**Task to carry out**.
From the first line of the records below through the line with "feature | 1.", output each line exactly; skip the pictures.

###

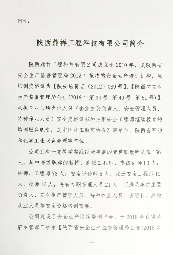 陜西鼎祥始終致力于“以安全科學(xué)技術(shù)為核心,國家安全生產(chǎn)法律法規(guī)為準(zhǔn)則,企業(yè)安全文化為靈魂,創(chuàng)新安全培訓(xùn),提升安全技能,為生命安康護(hù)航”。通過與政府主管部門、企業(yè)之間的協(xié)同效應(yīng),提升安全培訓(xùn)效果!促進(jìn)企業(yè)安全文化建設(shè)不斷發(fā)展!我們將孜孜追求、不懈努力,提升從業(yè)人員安全意識(shí)與安全技能,為客戶創(chuàng)造更為安全的生產(chǎn)條件。
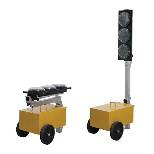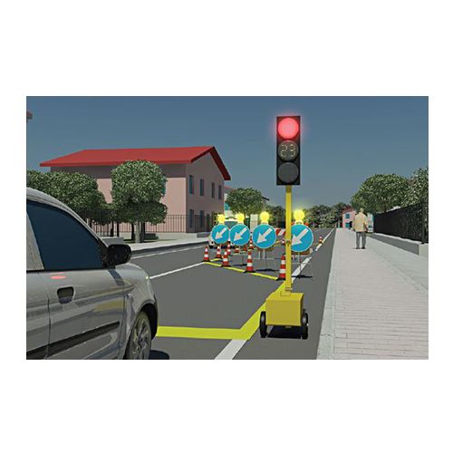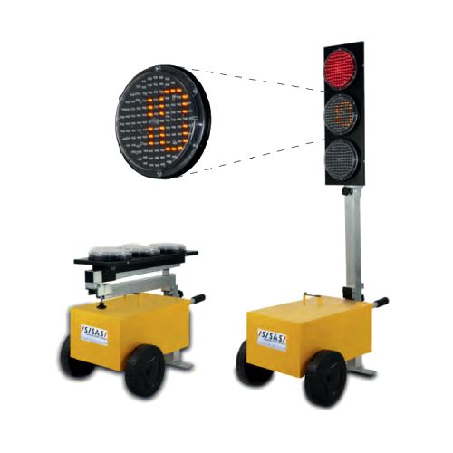 LED mobilais luksofors ar laika atskaiti (komplektā 2 luksofori). Laika atskaite pie zaļās un sarkanās gaismas. Barošanas avots: akumulators 12V (neietilpst komplektā!), gaismas avots: 3 LED optikas 200 mm diametrā (katrā LED optikā ir 120 LED diodes). Pašregulējoša spilgtuma kontrole. Dzelteni krāsots korpuss. LED optikas pamatne ir melnā krāsā. Izmēri: 25x75x2,2cm.
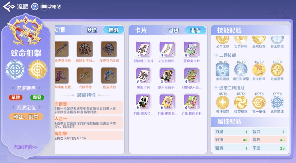 【定位】:單體、超遠射程、技能爆發、副本打王 【特點】:放棄攻速,追求「一擊必殺」。透過疊加瞄準層數,打出超高倍率的傷害,適合打MVP或副本BOSS。
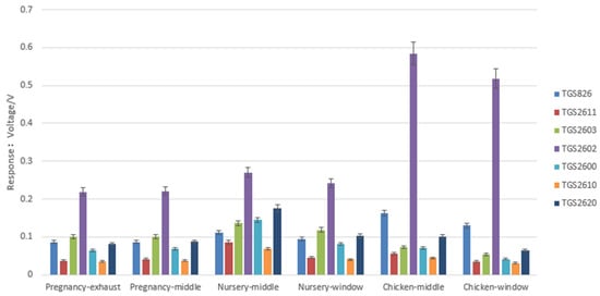 Figure 3 that the VOC contents in different times and spaces of livestock house are quite different. The VOCs of the nursery piggery house are more complex than that of the chicken house. From
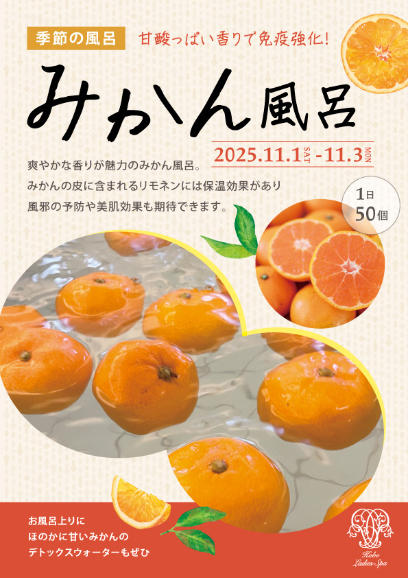 【レディスフロア 11/1~11/3】免疫力強化や美肌に!みかん風呂
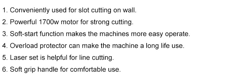 feature | 1. Convenient for wall slotting 2. Soft start function makes machine operation more convenient (optional). 3. Overload protection device makes the machine have a longer service life (optional). 4. Laser device facilitates wire cutting (optional) |
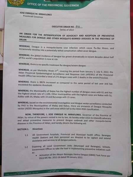 In a two-page Executive Order No. 11 released Monday, Governor Jose Enrique Miraflores said preventive measures against dengue and other similar diseases. According to the Provincial Epidemiological Surveillance and Response Unit (APESRU) of the Provincial Health Office, Aklan has registered 275 dengue cases so far this year.
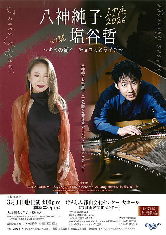 公演名 八神純子 Live 2026 with 塩谷哲〜キミの街へ チョコっとライブ〜 会期 2026.03.01(日) 開場 15:30 開演 16:00 会場 けんしん郡山文化センター 大ホール 座種料金 全席指定 一般 7,000円 その他・備考 ※未就学児入場不可 プレイガイド 2026.02.20(金) 開場 18:00 開演 18:30 こおりやま落語愛好会 第二〇四回 例会 十一代目 桂文治 落語会 2026.04.18(土) 開場 13:30 開演 14:00 田中彩子 ソプラノ・リサイタル 2026 in 郡山 Presented by wowowプラス 2026.02.14(土) 開演 18:30 モナ・飛鳥/ピアノ・リサイタル
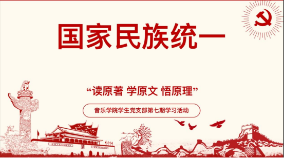2024年5月23日下午15:30,音乐学院学生党支部第七期“学习贯彻习近平新时代中国特色社会主义思想主题教育”系列活动在虎泉校区习文楼103教室举行。本次活动以“民族国家统一”为主题,由学生党支部书记成征主持。音乐学院党总支书记郑伏荣、专职组织员曹琳、学生党支部全体成员、学生入党积极分子参加了此次读书班学习活动。
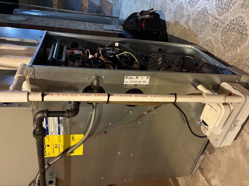 Completed comprehensive AC tune-up service on residential HVAC system. Performed visual inspection of control boards, electrical connections, and wiring harnesses within the unit, verified proper operation of blower motor assembly, and documented system condition with interior component photography. All components found in satisfactory operating condition with normal wear patterns observed.
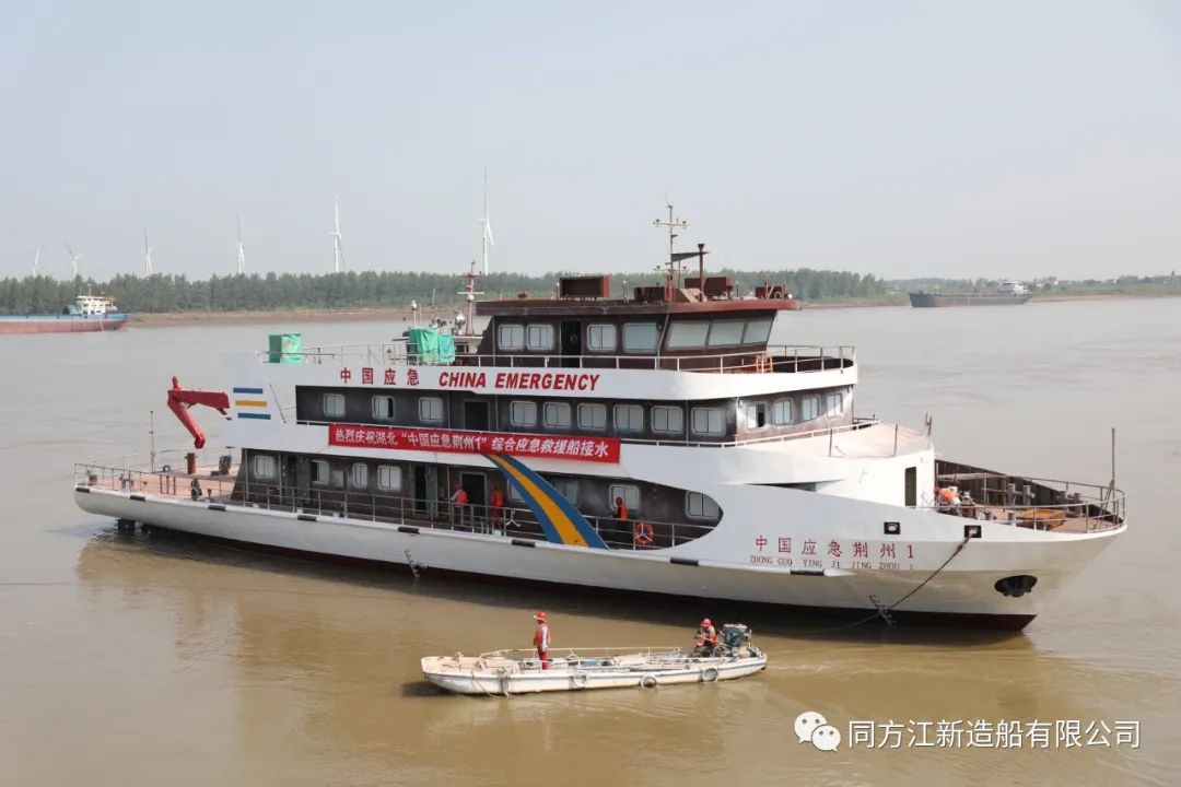 “中国应急荆州1”船是构建长江及其支流水域“陆海空天”一体化综合应急救援及应急指挥保障体系的重要装备,交付后主要用于长江湖北段防汛勘测勘察、抢险救援指挥、水下探测搜寻、水上消防救援、拖带救助、人员救助和应急医疗救护等任务,将成为处置水上应急突发事件、强化水上综合救援应急指挥能力和提升服务长江经济带发展的“利器”。
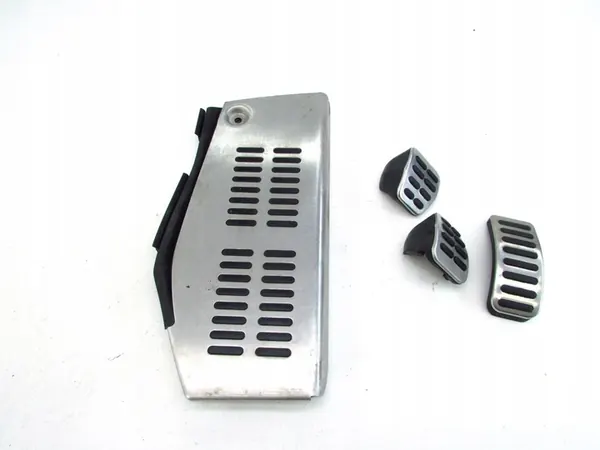 Metaal pedal covers voor AUDI A3 S3 8L, compatibel met verschillende benzinemotoren. Het artikel is in gebruikte staat met beschadigde bevestigingen en een gescheurd rubberdeel (zie afbeeldingen 9 en 10). Voertuigdetails: AUDI S3, geproduceerd in 2001, 3-deurs versie, Europees model, uitgerust met een 1.8 Turbo benzinemotor (210 pk, motorcode: APY) en een handgeschakelde versnellingsbak. Het onderdeel is origineel van de voertuigfabrikant (OE). OEM-nummers zijn 1J1864777A, 8N0721173A en 8N1721647.
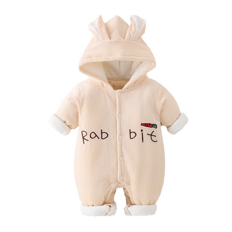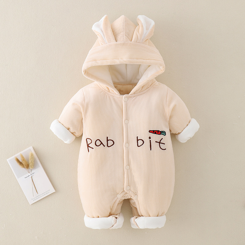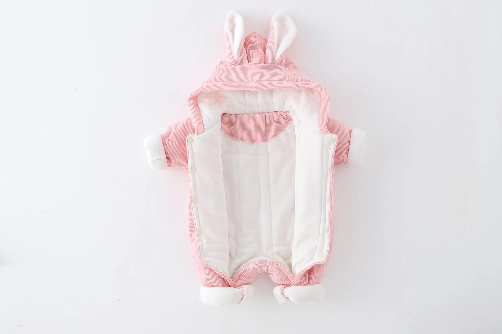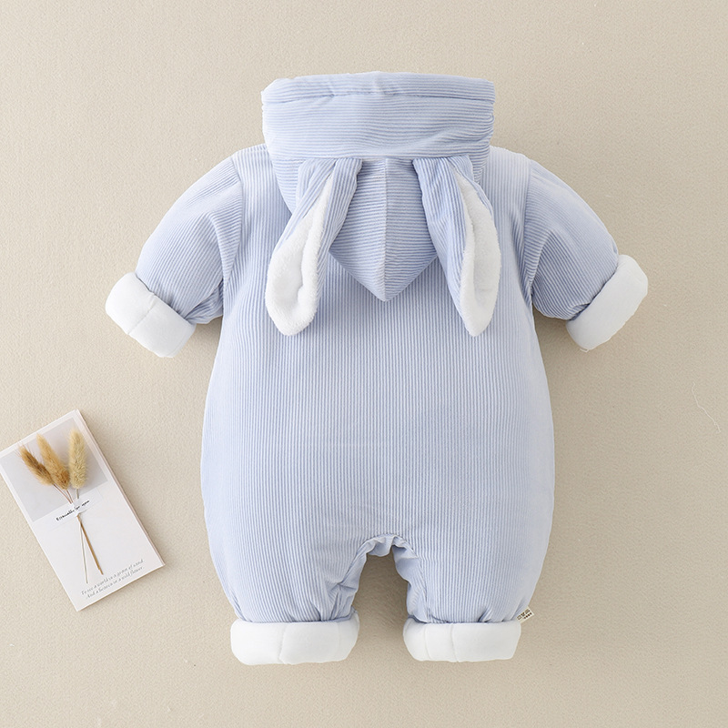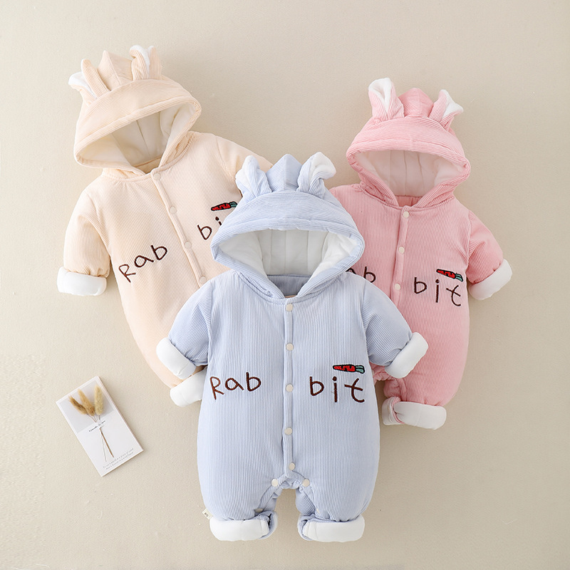 三色小兔子薄棉婴儿连体衣2023冬装加厚小兔子哈衣外出服宝宝爬服
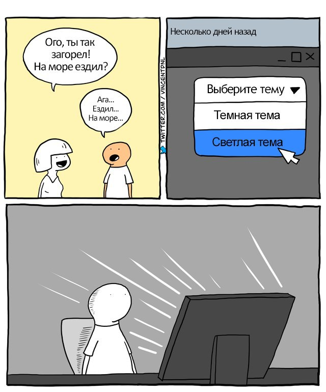 Если бы загорать от светлой темы было возможно, программисты бы все равно были бледные
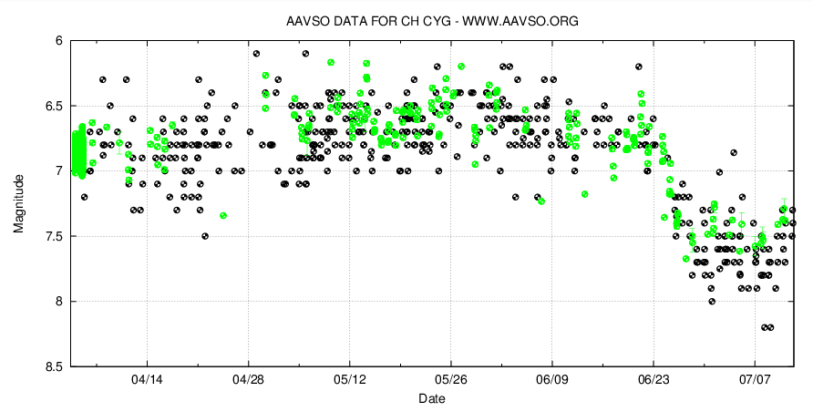 CH Cyg har minskat snabbt (7.8 i natt) och med anledning av detta har AAVSO gått ut med Alert Notice 639; observationer efterfrågas, såväl digital fotometri som visuella skattningar.
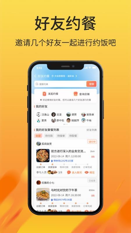 提供有好友约餐服务,用户可以随时在线查找好友进行约餐操作,邀约对方一起用餐。
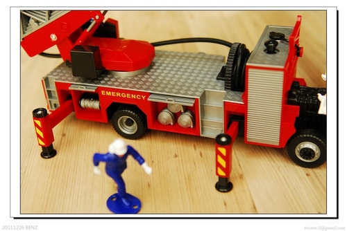 它的雲梯升起來,按照比例,應該可以升到八層樓高度。
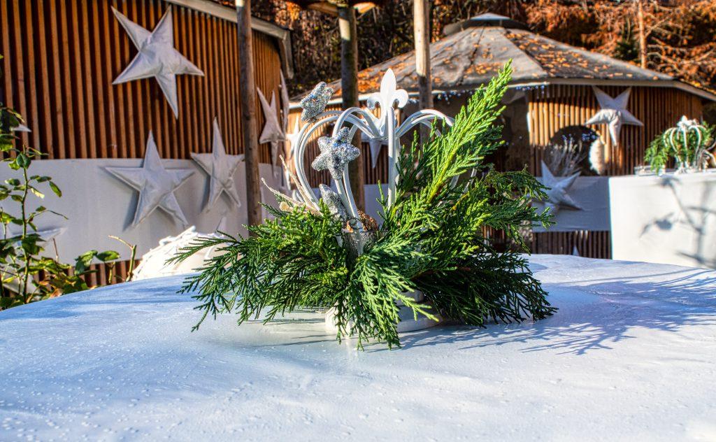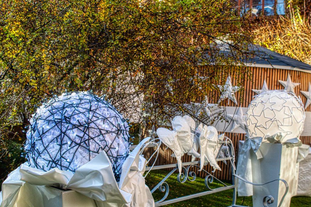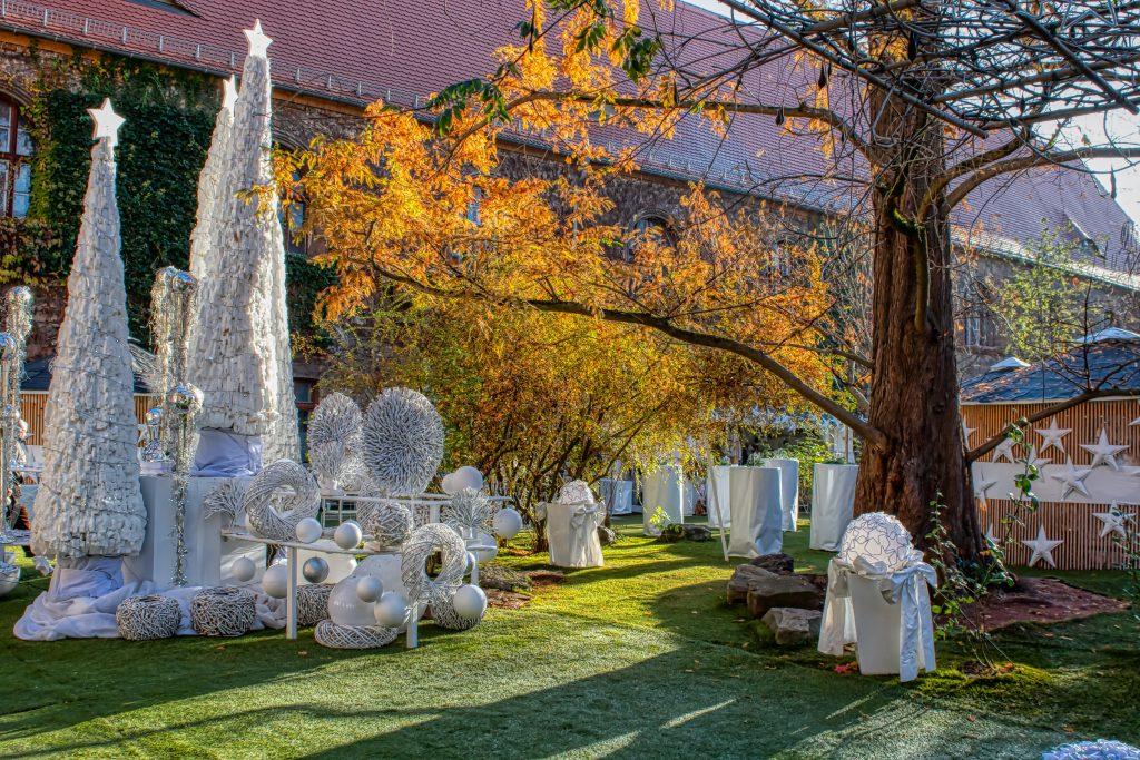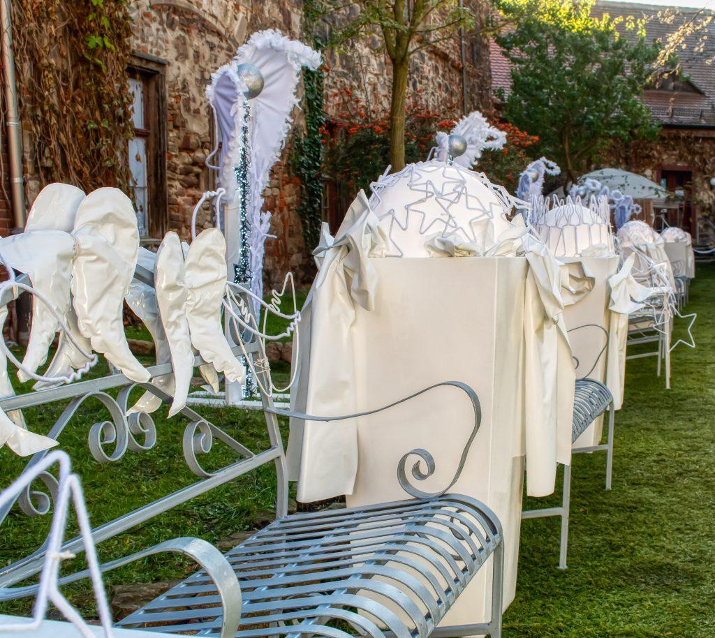 Für Langzeitarbeitslose zumindest vor und während der Ausstellung ist dies ein Segen, konnten sie doch 16 Pavillons gestalten mit dem Thema “Weihnachten”. Das gelang ihnen winterlich oder meisterhaft, je nach Sichtweise. Es gibt einen schönen Kontrast zwischen herbstlich verfärbten Bäumen, dem grünen Kunstrasen und den Winter/Weihnachtslandschaften in den Pavillons. Da kam viel zusammen und die Liebe zum Detail wurde sichtbar. Die Eisprinzessin hätte sich hier wohl gefühlt und ein wenig Eis und Schnee für den Boden gespendet. Schade, dass es Albrecht nicht sehen konnte, bei aller Kritik hatte er doch Sinn für Kunst. Öffentlich wäre es wohl unter seiner Herrschaft nicht geworden, aber die Zeiten ändern sich halt und nach fast 500 Jahren erst recht. Möge er in Frieden ruhen und unsereins konnte hier und da auf engelsgleichen Bänken ruhen. Das tat ich nun nicht, wusste ich doch nicht so recht, ob die Bank mit Flügel ein Gesamtkunstwerk war und wollte mich nicht als Kunstbanause outen. Wer das Genießen will, sollte es baldigst tun. Bis 20.12.2022 um genau zu sein.
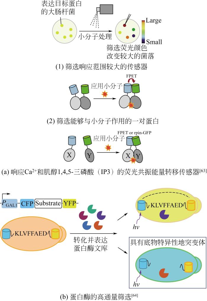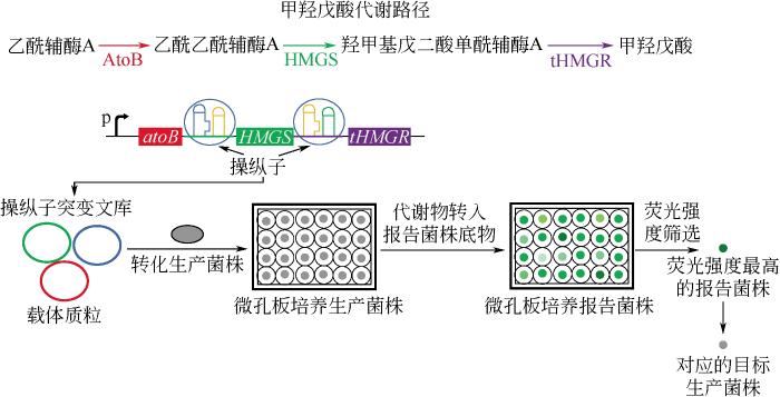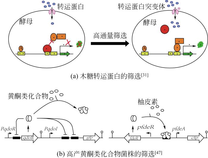 ... 在微生物生产的化学品中,只有少数可以通过颜色或者荧光的筛选方法直接进行筛选.许多化学物质本身不具有颜色或荧光,甚至难以转化为易于染色或者有颜色的物质.在微生物体内广泛存在一类蛋白质或RNA,它们能够识别并响应细胞内特定的代谢物,并转化为特定的信号输出[27](如荧光、细胞的生长、代谢通路的开闭),通过信号强度检测细胞代谢物浓度.基于这一原理,研究人员开发了一系列生物传感器的筛选方法,用于菌种进化工程突变文库的高通量筛选. ...

###

**Task response**.
 陜西鼎祥始終致力于“以安全科學(xué)技術(shù)為核心,國家安全生產(chǎn)法律法規(guī)為準(zhǔn)則,企業(yè)安全文化為靈魂,創(chuàng)新安全培訓(xùn),提升安全技能,為生命安康護(hù)航”。通過與政府主管部門、企業(yè)之間的協(xié)同效應(yīng),提升安全培訓(xùn)效果!促進(jìn)企業(yè)安全文化建設(shè)不斷發(fā)展!我們將孜孜追求、不懈努力,提升從業(yè)人員安全意識(shí)與安全技能,為客戶創(chuàng)造更為安全的生產(chǎn)條件。
 LED mobilais luksofors ar laika atskaiti (komplektā 2 luksofori). Laika atskaite pie zaļās un sarkanās gaismas. Barošanas avots: akumulators 12V (neietilpst komplektā!), gaismas avots: 3 LED optikas 200 mm diametrā (katrā LED optikā ir 120 LED diodes). Pašregulējoša spilgtuma kontrole. Dzelteni krāsots korpuss. LED optikas pamatne ir melnā krāsā. Izmēri: 25x75x2,2cm.
 【定位】:單體、超遠射程、技能爆發、副本打王 【特點】:放棄攻速,追求「一擊必殺」。透過疊加瞄準層數,打出超高倍率的傷害,適合打MVP或副本BOSS。
 Figure 3 that the VOC contents in different times and spaces of livestock house are quite different. The VOCs of the nursery piggery house are more complex than that of the chicken house. From
 【レディスフロア 11/1~11/3】免疫力強化や美肌に!みかん風呂
 feature | 1. Convenient for wall slotting 2. Soft start function makes machine operation more convenient (optional). 3. Overload protection device makes the machine have a longer service life (optional). 4. Laser device facilitates wire cutting (optional) |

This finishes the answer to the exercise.